US v. Tostado: Tostado was convicted (of what we don’t learn) and sentenced (to a term of imprisonment we never learn) after entering a plea agreement in which she agreed to “abide and be bound by the supervised release condition of warrantless searches . . . regardless of whether” that condition was “orally pronounced by the court at sentencing so long as” it was included in the written judgment. At sentencing, the district court’s explanation of the sentence was that a probation officer could search without suspicion “sometimes, for a safety issue, for example,” but the written judgment allowed for a search by “any probation officer in the lawful discharge of the officer’s supervision functions.”
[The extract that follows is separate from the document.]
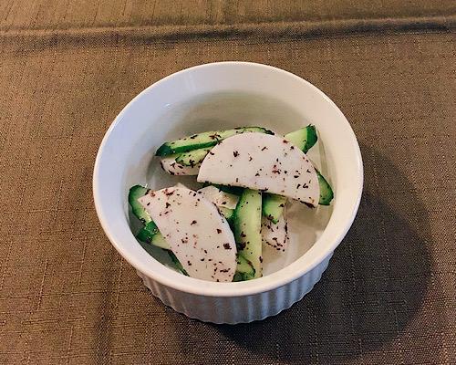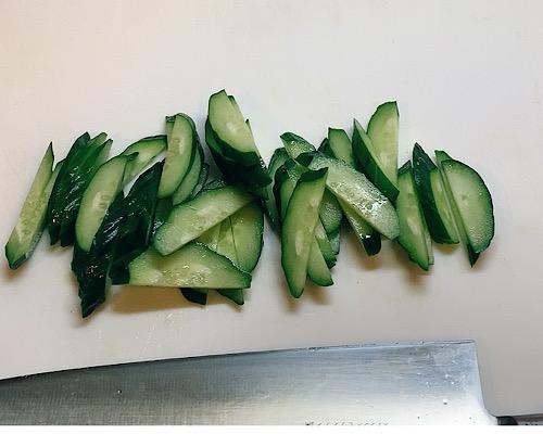キュウは端を落として薄く斜め切りにし、さらにそれを半分にカットしておく。細切りにしてもよいけれど、かまぼこの大きさとの兼ね合いを考えると、半分にカットする程度が丁度よいだろう。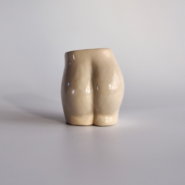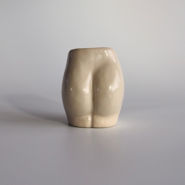 像の一部を切り取ったような お尻の花器です。 自然体で佇む女性のおしり。 くびれた腹面には おへそのくぼみ。 焼き上がると肌色となる土に、セミマットな淡白い釉薬。 質感は しっとり やわらかく なめらかで、 指先で形をなぞりたくなるおしりです。 ドライフラワーやツールスタンドにも。 ※目の荒い土を使用しております。 花器、食器としてのご使用はお控えください。 ※止水剤の影響で使いはじめにべとつくことがありますが、次第にとれてまいります。 横並びの写真 左から18、19。 サイズ(お尻を正面に採寸) 18 幅6,5cm × 奥行き7,5cm × 高さ8,5cm 重さ 252g 19 幅7cm × 奥行き7,5cm × 高さ8,5cm 重さ 260g 素材 陶 ___________________ 『BODY』シリーズは この世界との媒介である「身体」が題材のシリーズ 1点ずつ土のかたまりから制作することで ひとつとして同じでない私たちの かたち を表現しています ___________________ ご購入前に、下記をご一読いただきますようお願い申し上げます。 ▼ご注文時の注意事項/SHOPPING GUIDE▼ https://mosto2cera.theshop.jp/p/00001

On appeal, a divided Fourth Circuit vacated Tostado’s sentence and remanded for resentencing. All agreed that the search condition as explained at sentencing conflicted with the one in the written judgment (by expanding when an officer could search without suspicion), but the Government argued that it was not a “material” difference and therefore did not fall afoul of Rogers. The court disagreed (“we can imagine few more obviously material issues than when someone . . . is subject to searches the Fourth Amendment would otherwise forbid”) and proceeded to reject several other Government arguments as precluded by prior precedent. It also rejected the Government’s argument that any error was harmless (even assuming Rogers error could be harmless) due to the plea agreement provision, noting that it’s the district court, not the parties, that imposes conditions and that Rogers conditions are not “included in the judgement.” The court concluded by resolving an as-yet open question, that defendants do have standing to appeal judgments based on Rogers errors alone.
Judge Rushing dissented, arguing that the written judgement did not conflict with the orally pronounced condition, only clarified the district court’s intent and by looking to what Tostado agreed to in the plea agreement. More broadly, however, Rushing argued that “our Rogers jurisprudence becomes less coherent with each decision we render” and that “[a]t some point, we have to fix this mess.”